Clean Energy Fuels (NASDAQ:CLNE) Share Prices Have Dropped 57% In The Last Five Years
We think intelligent long term investing is the way to go. But that doesn’t mean long term investors can avoid big losses. To wit, the Clean Energy Fuels Corp. (NASDAQ:CLNE) share price managed to fall 57% over five long years. That’s an unpleasant experience for long term holders. And the share price decline continued over the last week, dropping some 7.5%. However, this move may have been influenced by the broader market, which fell 4.6% in that time.
View our latest analysis for Clean Energy Fuels
To quote Buffett, ‘Ships will sail around the world but the Flat Earth Society will flourish. There will continue to be wide discrepancies between price and value in the marketplace…’ One flawed but reasonable way to assess how sentiment around a company has changed is to compare the earnings per share (EPS) with the share price.
Clean Energy Fuels became profitable within the last five years. That would generally be considered a positive, so we are surprised to see the share price is down. Other metrics might give us a better handle on how its value is changing over time.
Arguably, the revenue drop of 4.9% a year for half a decade suggests that the company can’t grow in the long term. This has probably encouraged some shareholders to sell down the stock.
You can see how earnings and revenue have changed over time in the image below (click on the chart to see the exact values).

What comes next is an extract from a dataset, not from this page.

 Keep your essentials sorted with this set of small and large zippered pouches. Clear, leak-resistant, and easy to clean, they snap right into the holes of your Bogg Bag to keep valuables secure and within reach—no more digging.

We consider it positive that insiders have made significant purchases in the last year. Having said that, most people consider earnings and revenue growth trends to be a more meaningful guide to the business. If you are thinking of buying or selling Clean Energy Fuels stock, you should check out this free report showing analyst profit forecasts.
A Different Perspective
Clean Energy Fuels shareholders gained a total return of 9.9% during the year. But that was short of the market average. But at least that’s still a gain! Over five years the TSR has been a reduction of 10% per year, over five years. It could well be that the business is stabilizing. While it is well worth considering the different impacts that market conditions can have on the share price, there are other factors that are even more important. Consider for instance, the ever-present spectre of investment risk. We’ve identified 2 warning signs with Clean Energy Fuels (at least 1 which is significant) , and understanding them should be part of your investment process.

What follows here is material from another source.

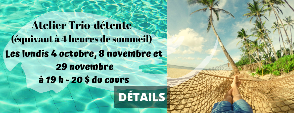 Atelier Trio-détente (équivaut à 5 heures de sommeil) Published octobre 17, 2021 - size: 1170 × 450 in Atelier Trio-détente (équivaut à 5 heures de sommeil) ← Previous Next →

Clean Energy Fuels is not the only stock that insiders are buying. For those who like to find winning investments this free list of growing companies with recent insider purchasing, could be just the ticket.
Please note, the market returns quoted in this article reflect the market weighted average returns of stocks that currently trade on US exchanges.
This article by Simply Wall St is general in nature. It does not constitute a recommendation to buy or sell any stock, and does not take account of your objectives, or your financial situation. We aim to bring you long-term focused analysis driven by fundamental data. Note that our analysis may not factor in the latest price-sensitive company announcements or qualitative material. Simply Wall St has no position in any stocks mentioned.